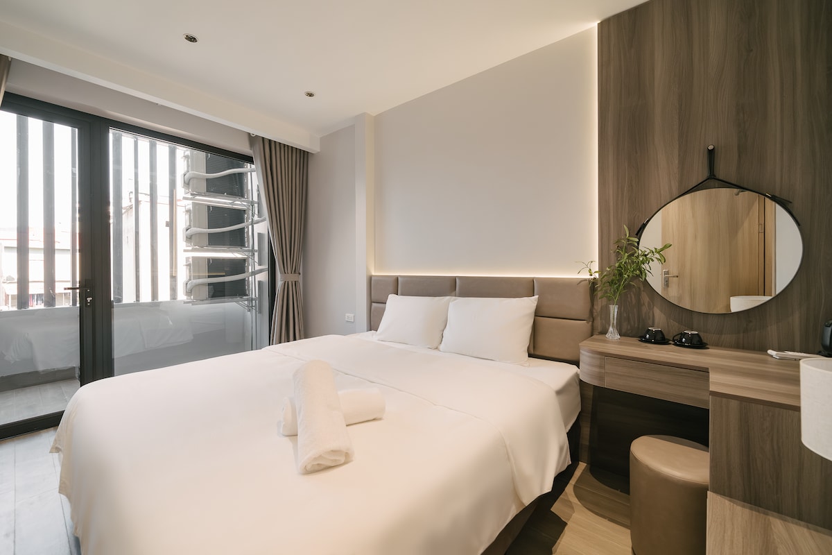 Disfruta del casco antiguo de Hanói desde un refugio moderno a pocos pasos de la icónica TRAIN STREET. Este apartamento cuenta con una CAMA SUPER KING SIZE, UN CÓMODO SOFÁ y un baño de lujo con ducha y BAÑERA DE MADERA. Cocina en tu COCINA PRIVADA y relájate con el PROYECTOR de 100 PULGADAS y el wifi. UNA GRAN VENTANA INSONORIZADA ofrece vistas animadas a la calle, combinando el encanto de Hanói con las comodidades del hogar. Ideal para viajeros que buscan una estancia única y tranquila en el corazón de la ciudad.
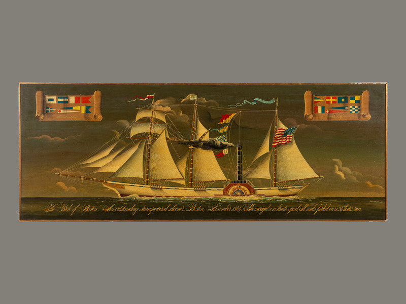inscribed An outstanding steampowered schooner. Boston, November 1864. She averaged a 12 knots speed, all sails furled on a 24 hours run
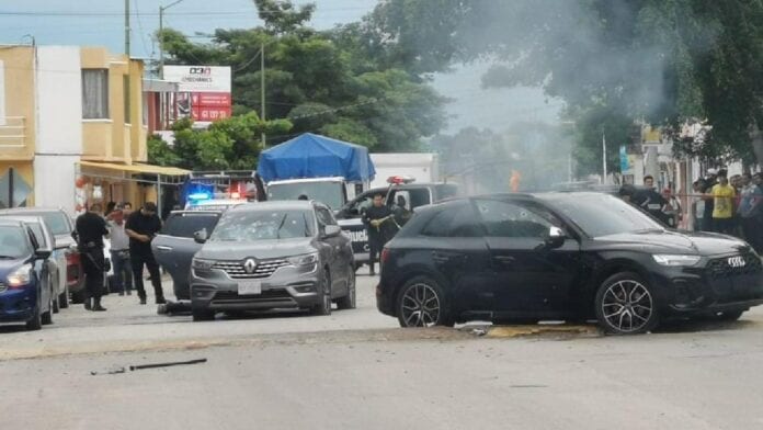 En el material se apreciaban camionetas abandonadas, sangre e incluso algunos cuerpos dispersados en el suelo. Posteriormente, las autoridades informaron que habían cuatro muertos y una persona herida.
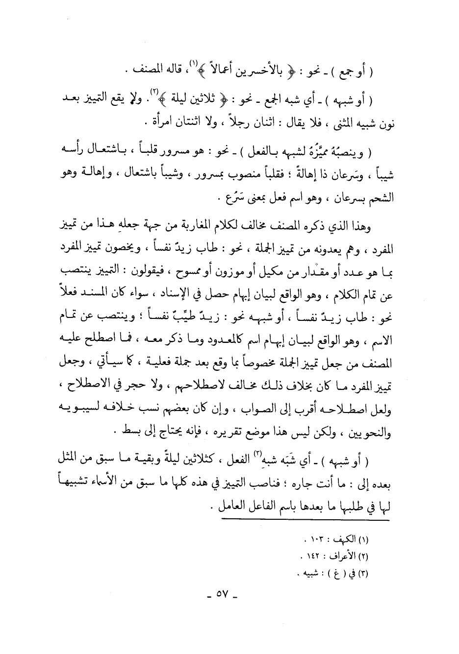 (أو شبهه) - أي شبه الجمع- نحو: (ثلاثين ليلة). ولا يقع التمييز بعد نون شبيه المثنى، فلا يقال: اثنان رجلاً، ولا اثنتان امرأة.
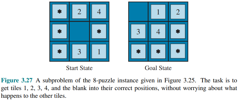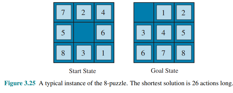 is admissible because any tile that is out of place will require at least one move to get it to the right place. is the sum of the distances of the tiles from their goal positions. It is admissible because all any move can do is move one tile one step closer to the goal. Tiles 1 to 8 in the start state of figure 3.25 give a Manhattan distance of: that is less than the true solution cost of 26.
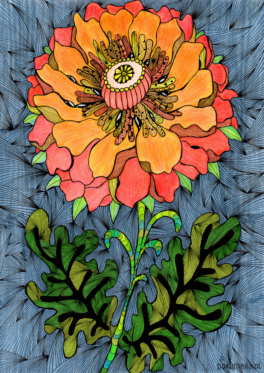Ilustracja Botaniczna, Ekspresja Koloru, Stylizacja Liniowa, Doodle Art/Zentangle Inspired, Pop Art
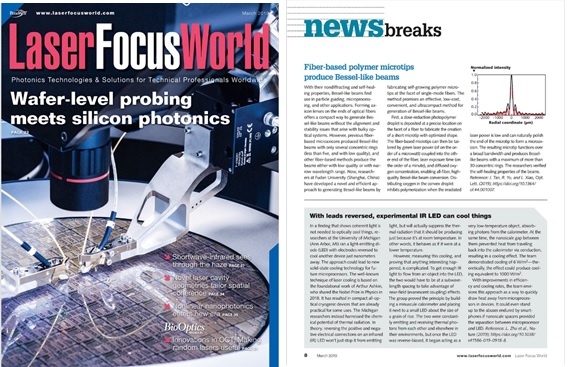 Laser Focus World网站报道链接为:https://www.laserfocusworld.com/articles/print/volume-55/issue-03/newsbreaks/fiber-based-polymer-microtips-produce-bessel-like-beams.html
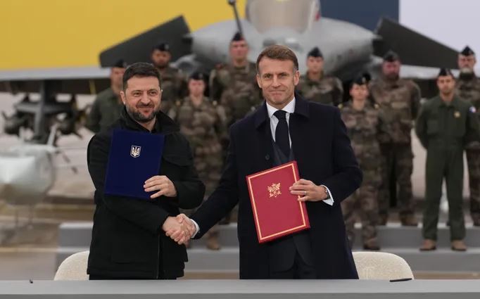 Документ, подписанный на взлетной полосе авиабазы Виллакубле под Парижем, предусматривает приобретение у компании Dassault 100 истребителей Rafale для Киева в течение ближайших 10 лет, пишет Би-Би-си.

> _Work instruction_
Print the complete listing exactly as it stands, without its pictures.

> _Response to this task_
 Disfruta del casco antiguo de Hanói desde un refugio moderno a pocos pasos de la icónica TRAIN STREET. Este apartamento cuenta con una CAMA SUPER KING SIZE, UN CÓMODO SOFÁ y un baño de lujo con ducha y BAÑERA DE MADERA. Cocina en tu COCINA PRIVADA y relájate con el PROYECTOR de 100 PULGADAS y el wifi. UNA GRAN VENTANA INSONORIZADA ofrece vistas animadas a la calle, combinando el encanto de Hanói con las comodidades del hogar. Ideal para viajeros que buscan una estancia única y tranquila en el corazón de la ciudad.
inscribed An outstanding steampowered schooner. Boston, November 1864. She averaged a 12 knots speed, all sails furled on a 24 hours run
 En el material se apreciaban camionetas abandonadas, sangre e incluso algunos cuerpos dispersados en el suelo. Posteriormente, las autoridades informaron que habían cuatro muertos y una persona herida.
 (أو شبهه) - أي شبه الجمع- نحو: (ثلاثين ليلة). ولا يقع التمييز بعد نون شبيه المثنى، فلا يقال: اثنان رجلاً، ولا اثنتان امرأة.
 is admissible because any tile that is out of place will require at least one move to get it to the right place. is the sum of the distances of the tiles from their goal positions. It is admissible because all any move can do is move one tile one step closer to the goal. Tiles 1 to 8 in the start state of figure 3.25 give a Manhattan distance of: that is less than the true solution cost of 26.
Ilustracja Botaniczna, Ekspresja Koloru, Stylizacja Liniowa, Doodle Art/Zentangle Inspired, Pop Art
 Laser Focus World网站报道链接为:https://www.laserfocusworld.com/articles/print/volume-55/issue-03/newsbreaks/fiber-based-polymer-microtips-produce-bessel-like-beams.html
 Документ, подписанный на взлетной полосе авиабазы Виллакубле под Парижем, предусматривает приобретение у компании Dassault 100 истребителей Rafale для Киева в течение ближайших 10 лет, пишет Би-Би-си.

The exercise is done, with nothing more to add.